Migrants were hesitant at first, hovering nearby then drifting away when the needles emerged. Two men sat down to try the treatment. Then a woman and her 10-year-old daughter. Then two more women. Within half an hour, nearly all 30 chairs were filled with migrants ranging in age from 10 to 60, eyes closed in meditation, needles sticking out of ears.
Karla Moradel, from Honduras, said she was hesitant at first to try the treatment, thinking it would hurt like an injection. It didn’t, and she eventually emerged from the treatment with a soft smile.
“I feel much better,” she said.
Moradel had been at the camp for three months with her 5-year-old son, Delme. She said life at the camp was hard. She shares a tent with her son and doesn’t sleep much, constantly watching to see if someone enters their tent.
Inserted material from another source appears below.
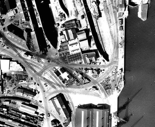 Aerial view of the Eastern Docks with the locomotive depot in the centre of the picture.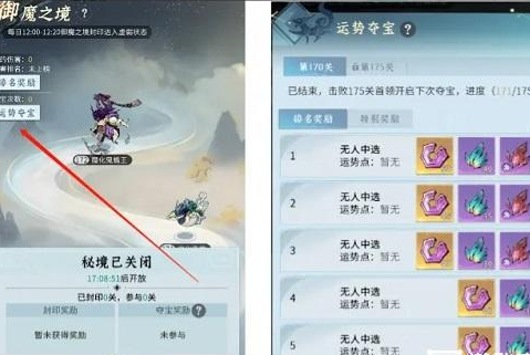 积极参与运势夺宝:在御魔之境活动中,特别关注运势夺宝玩法。手动参与夺宝可获得仙玉、观星图等奖励,提升资源获取效率。

“It’s very difficult here,” Moradel said. “You’re constantly thinking about survival, about what to eat. … I just hope this helps me sleep tonight.”
Lopez, the Honduran native, said it took him about two months to reach the border from his hometown of Copán. Along the way, he was attacked by street thugs in Monterrey, Mexico, and robbed of the money he had left, around $77. He’s been deported from Mexico twice and finally reached the U.S. in August, only to be sent back to Matamoros to await his court hearing, which is set for late January.
“Psychologically, my mind is bad,” he said. “You’re always thinking: Will I eat today? Will I sleep? You’re never at ease.”
He pointed to the teams of acupuncturists carefully applying needles to migrants’ ears nearby.
“It really works,” Lopez said. “I finally feel like I have control. I could finally stop thinking.”